━━━ DATA FOR PROCESSING ━━━

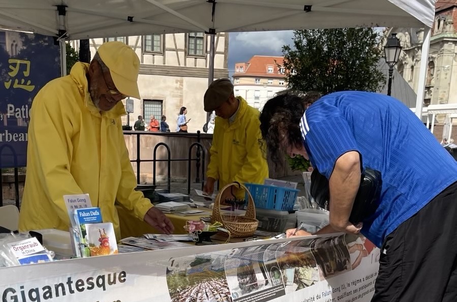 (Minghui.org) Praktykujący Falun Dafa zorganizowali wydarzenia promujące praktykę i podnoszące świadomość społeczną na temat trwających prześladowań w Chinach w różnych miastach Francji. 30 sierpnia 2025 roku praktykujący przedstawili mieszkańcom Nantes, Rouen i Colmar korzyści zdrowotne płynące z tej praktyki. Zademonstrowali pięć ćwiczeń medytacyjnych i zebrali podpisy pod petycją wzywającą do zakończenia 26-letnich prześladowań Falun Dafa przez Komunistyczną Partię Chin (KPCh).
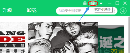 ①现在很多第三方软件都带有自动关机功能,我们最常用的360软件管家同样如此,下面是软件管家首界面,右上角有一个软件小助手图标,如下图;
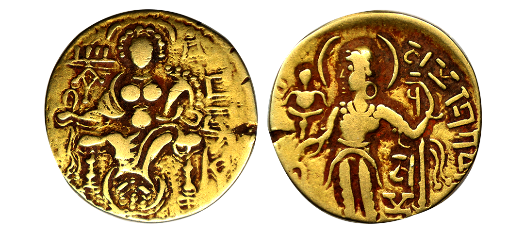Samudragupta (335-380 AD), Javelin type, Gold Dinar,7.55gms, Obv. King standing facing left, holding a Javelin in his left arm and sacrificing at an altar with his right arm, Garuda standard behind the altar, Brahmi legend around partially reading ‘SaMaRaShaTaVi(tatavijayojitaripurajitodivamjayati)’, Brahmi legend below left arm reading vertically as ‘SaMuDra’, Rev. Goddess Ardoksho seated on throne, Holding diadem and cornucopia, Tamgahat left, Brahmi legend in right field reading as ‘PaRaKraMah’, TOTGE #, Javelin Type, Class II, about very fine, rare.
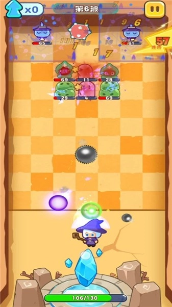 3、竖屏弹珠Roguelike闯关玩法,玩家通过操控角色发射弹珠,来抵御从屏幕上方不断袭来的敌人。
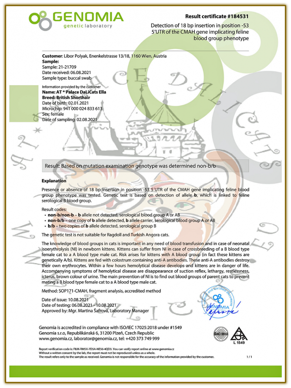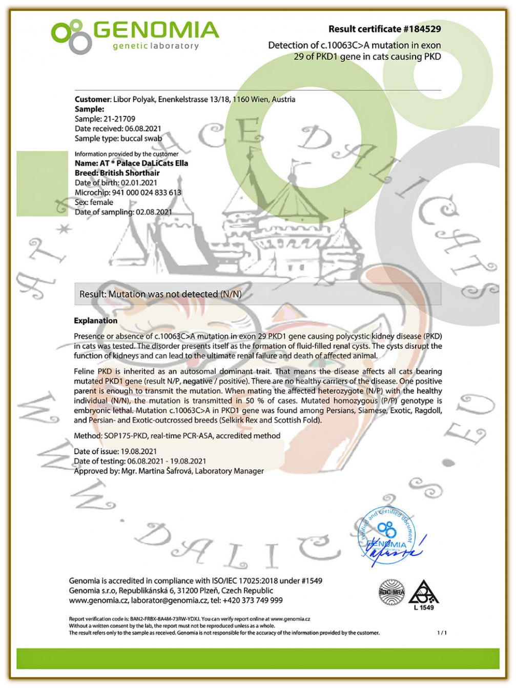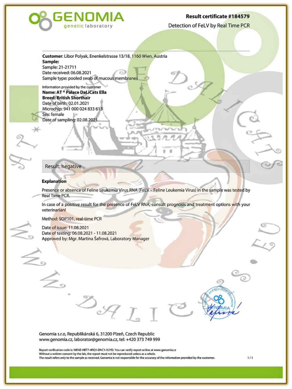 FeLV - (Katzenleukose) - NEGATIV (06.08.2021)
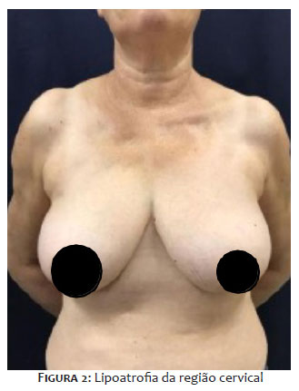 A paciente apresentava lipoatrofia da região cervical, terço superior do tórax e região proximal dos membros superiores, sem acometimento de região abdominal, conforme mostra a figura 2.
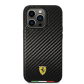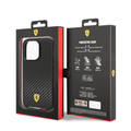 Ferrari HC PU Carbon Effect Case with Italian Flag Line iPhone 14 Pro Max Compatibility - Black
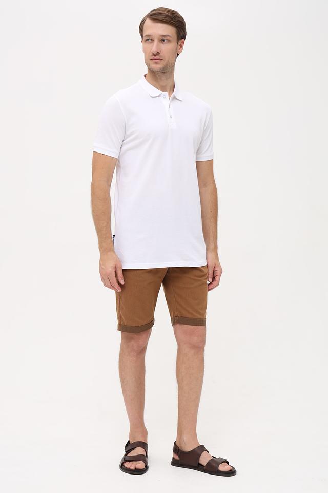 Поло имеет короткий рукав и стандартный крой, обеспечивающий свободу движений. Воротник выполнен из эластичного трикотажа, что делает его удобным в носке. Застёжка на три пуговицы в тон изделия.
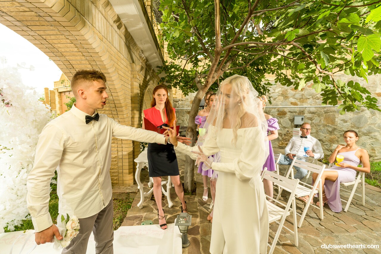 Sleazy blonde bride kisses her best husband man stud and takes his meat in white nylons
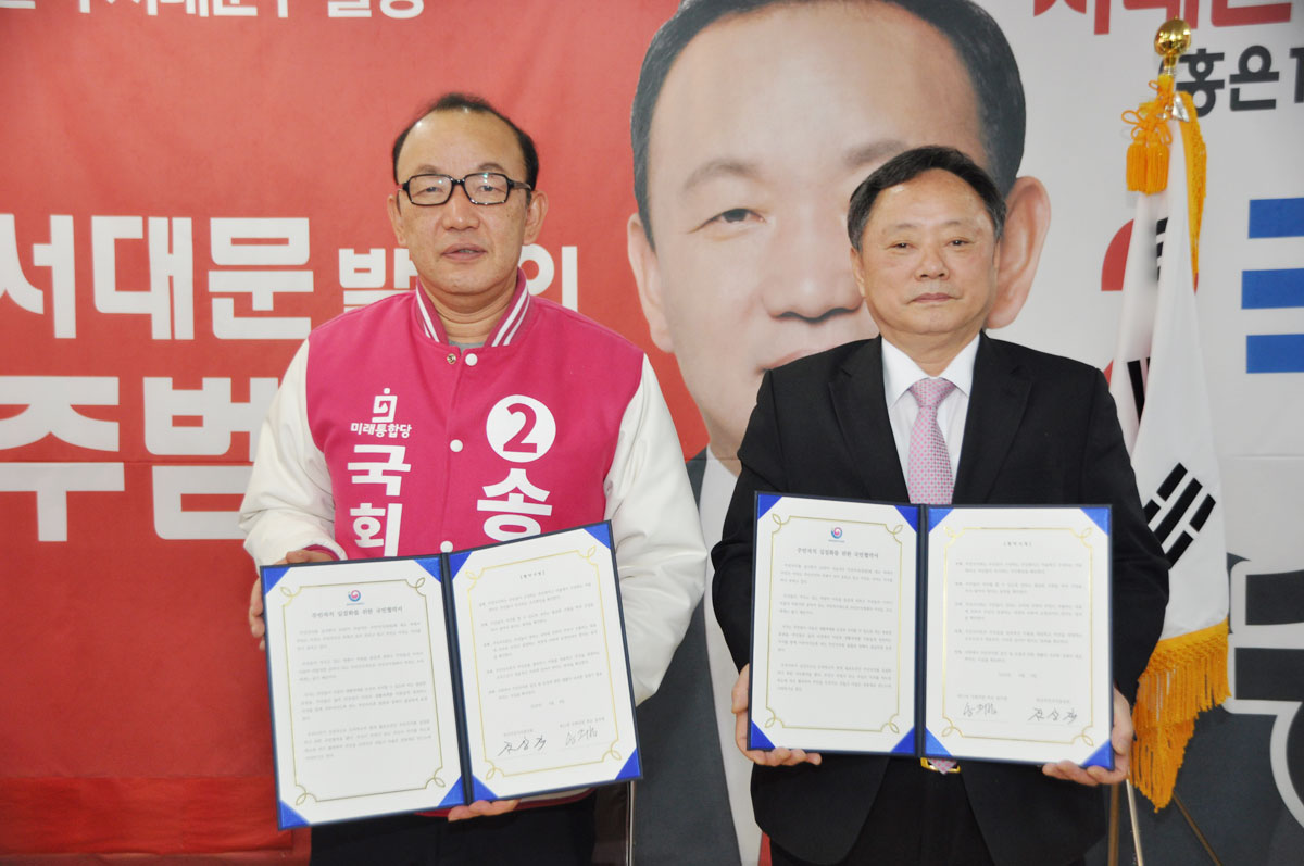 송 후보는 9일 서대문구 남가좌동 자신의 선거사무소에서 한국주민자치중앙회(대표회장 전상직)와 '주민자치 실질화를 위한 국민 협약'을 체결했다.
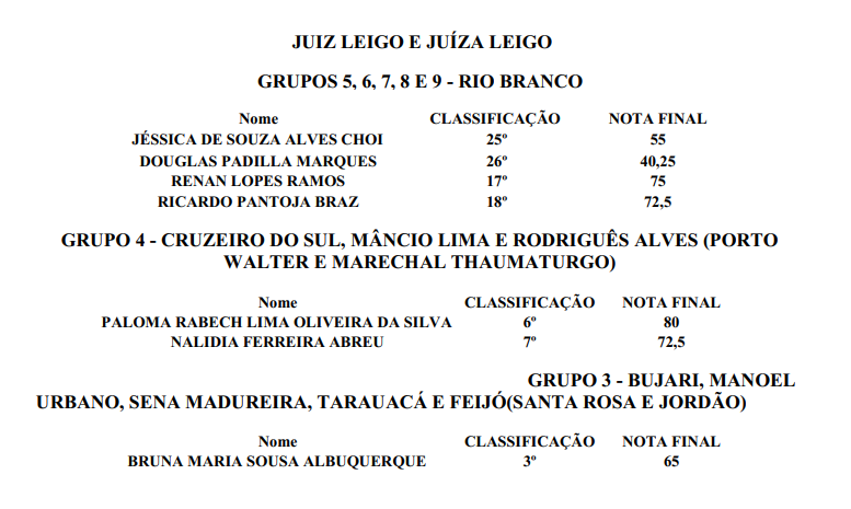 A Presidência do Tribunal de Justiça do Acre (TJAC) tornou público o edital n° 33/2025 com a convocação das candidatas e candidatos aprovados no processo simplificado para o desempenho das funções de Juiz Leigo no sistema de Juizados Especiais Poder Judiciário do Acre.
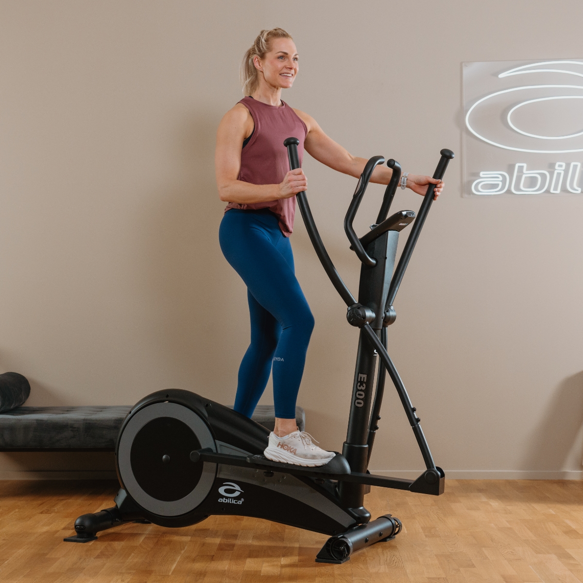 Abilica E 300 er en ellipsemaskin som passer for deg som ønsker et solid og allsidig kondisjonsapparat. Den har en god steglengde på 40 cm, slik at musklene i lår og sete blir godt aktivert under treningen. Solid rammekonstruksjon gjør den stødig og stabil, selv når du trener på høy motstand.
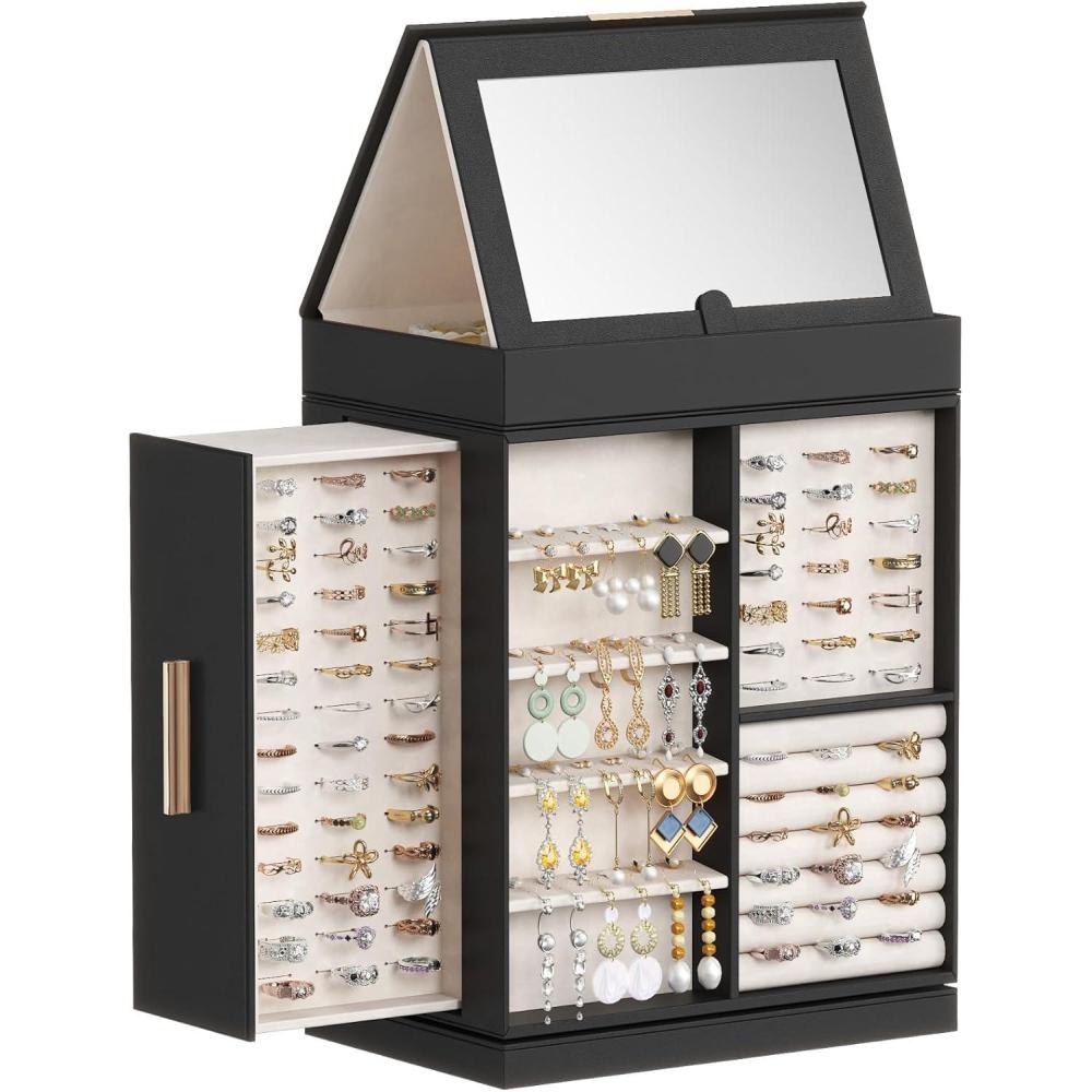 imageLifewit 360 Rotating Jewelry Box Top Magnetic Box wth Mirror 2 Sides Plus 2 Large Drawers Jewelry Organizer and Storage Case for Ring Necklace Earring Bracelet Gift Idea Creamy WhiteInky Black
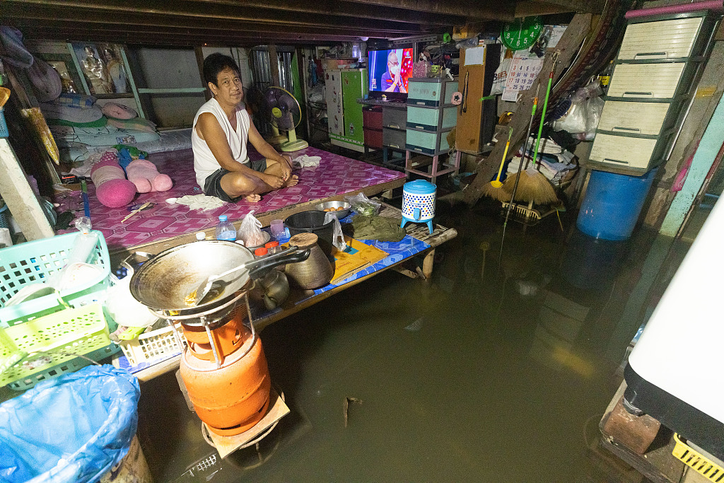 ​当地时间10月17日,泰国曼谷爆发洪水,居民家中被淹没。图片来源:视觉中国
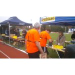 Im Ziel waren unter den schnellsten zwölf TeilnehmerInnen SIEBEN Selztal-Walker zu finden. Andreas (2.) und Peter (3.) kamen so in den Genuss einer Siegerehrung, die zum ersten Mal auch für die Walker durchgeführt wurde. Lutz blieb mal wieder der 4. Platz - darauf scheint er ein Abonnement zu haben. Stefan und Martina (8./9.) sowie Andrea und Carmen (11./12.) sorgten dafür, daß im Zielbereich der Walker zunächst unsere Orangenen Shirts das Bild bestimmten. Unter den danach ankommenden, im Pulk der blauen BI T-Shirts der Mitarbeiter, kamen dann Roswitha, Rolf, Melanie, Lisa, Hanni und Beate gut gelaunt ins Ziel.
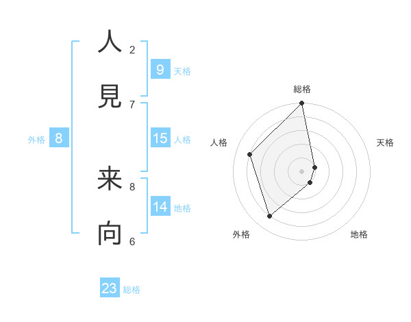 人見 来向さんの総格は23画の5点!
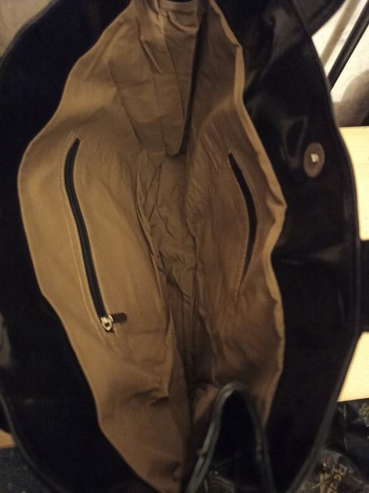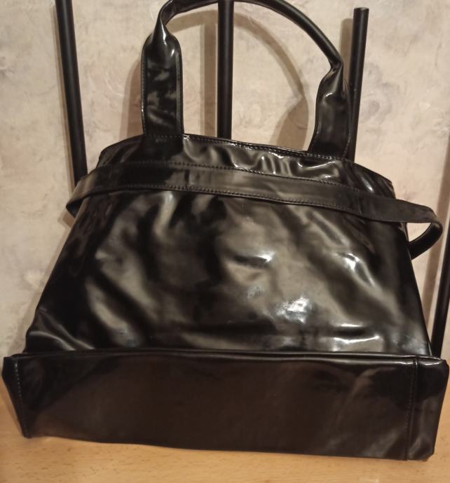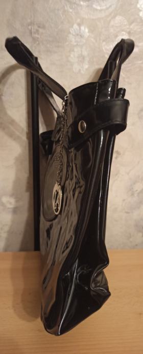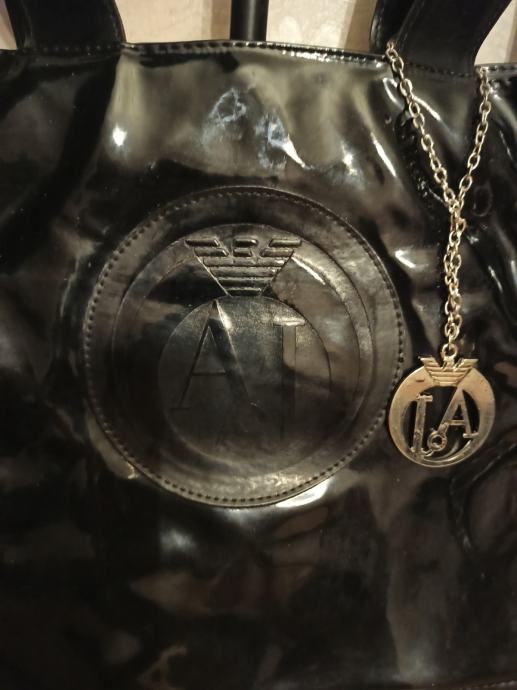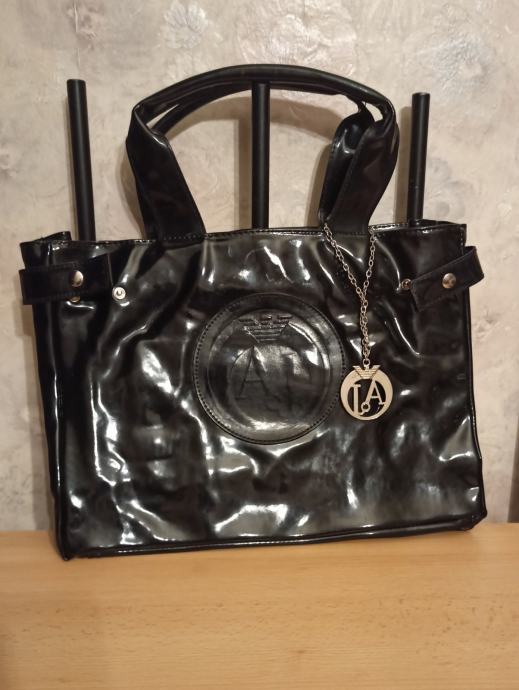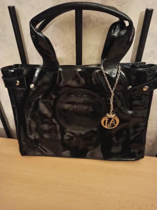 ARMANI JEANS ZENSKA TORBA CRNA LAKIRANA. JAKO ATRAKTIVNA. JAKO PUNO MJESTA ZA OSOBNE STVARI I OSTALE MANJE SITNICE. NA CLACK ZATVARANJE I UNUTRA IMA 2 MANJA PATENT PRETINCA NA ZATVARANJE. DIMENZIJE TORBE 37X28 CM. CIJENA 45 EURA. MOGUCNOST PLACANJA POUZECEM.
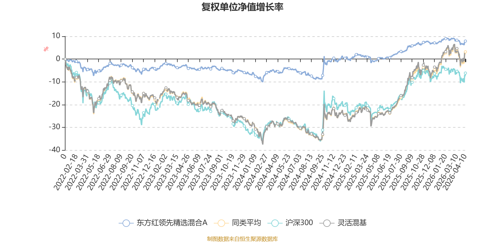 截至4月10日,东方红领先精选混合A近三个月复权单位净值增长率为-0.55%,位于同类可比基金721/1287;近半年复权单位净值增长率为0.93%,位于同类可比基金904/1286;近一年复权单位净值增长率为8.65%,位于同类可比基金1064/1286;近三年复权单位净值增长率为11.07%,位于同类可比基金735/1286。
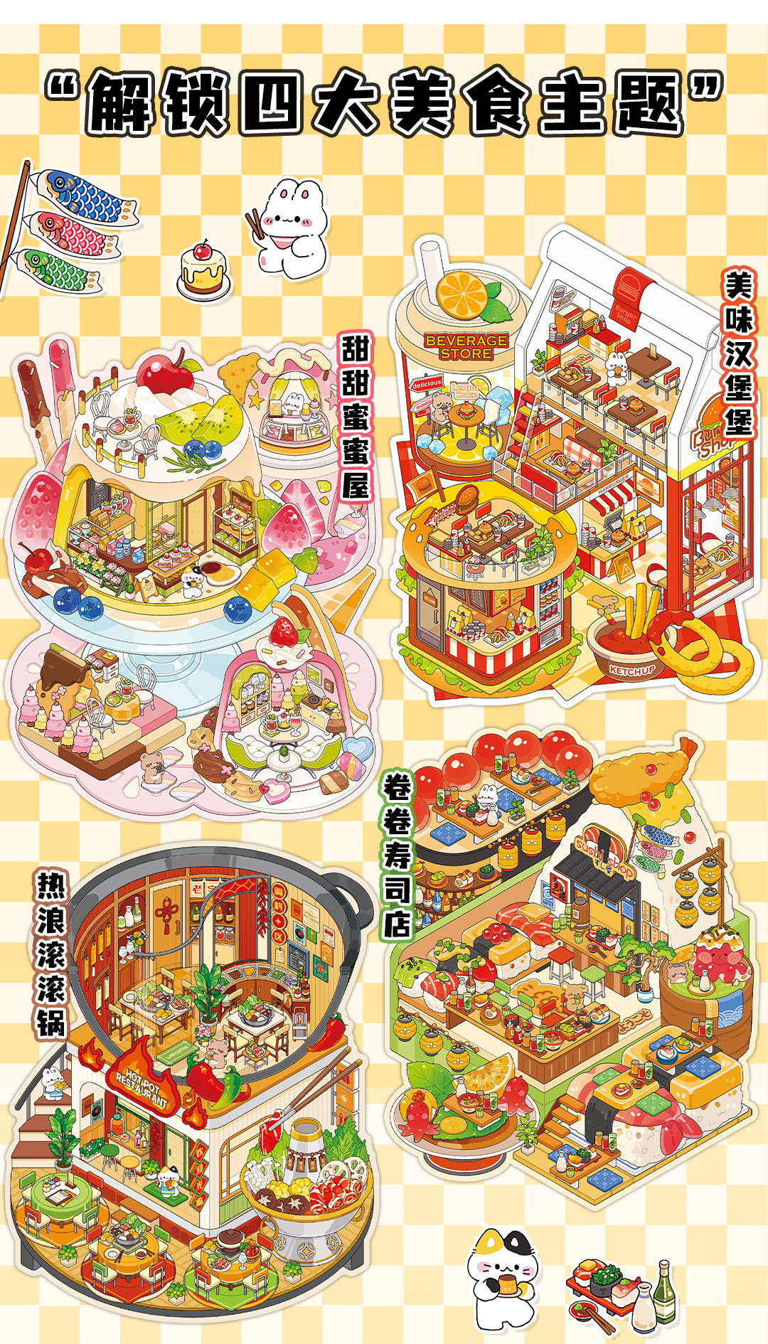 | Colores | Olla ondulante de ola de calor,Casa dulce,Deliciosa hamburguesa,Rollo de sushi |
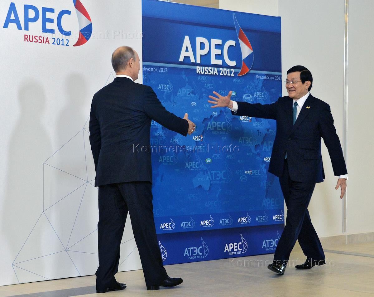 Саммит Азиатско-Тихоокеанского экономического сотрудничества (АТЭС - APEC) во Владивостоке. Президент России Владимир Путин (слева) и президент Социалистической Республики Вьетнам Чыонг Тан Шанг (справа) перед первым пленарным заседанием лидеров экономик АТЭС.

━━━

**WHAT IS EXPECTED**
From the data above, return only the lines starting at the line that holds "Поло имеет короткий" and ending at the line that holds "A Presidência do", word for word and without pictures.

**RESPONSE AREA**
 Поло имеет короткий рукав и стандартный крой, обеспечивающий свободу движений. Воротник выполнен из эластичного трикотажа, что делает его удобным в носке. Застёжка на три пуговицы в тон изделия.
 Sleazy blonde bride kisses her best husband man stud and takes his meat in white nylons
 송 후보는 9일 서대문구 남가좌동 자신의 선거사무소에서 한국주민자치중앙회(대표회장 전상직)와 '주민자치 실질화를 위한 국민 협약'을 체결했다.
 A Presidência do Tribunal de Justiça do Acre (TJAC) tornou público o edital n° 33/2025 com a convocação das candidatas e candidatos aprovados no processo simplificado para o desempenho das funções de Juiz Leigo no sistema de Juizados Especiais Poder Judiciário do Acre.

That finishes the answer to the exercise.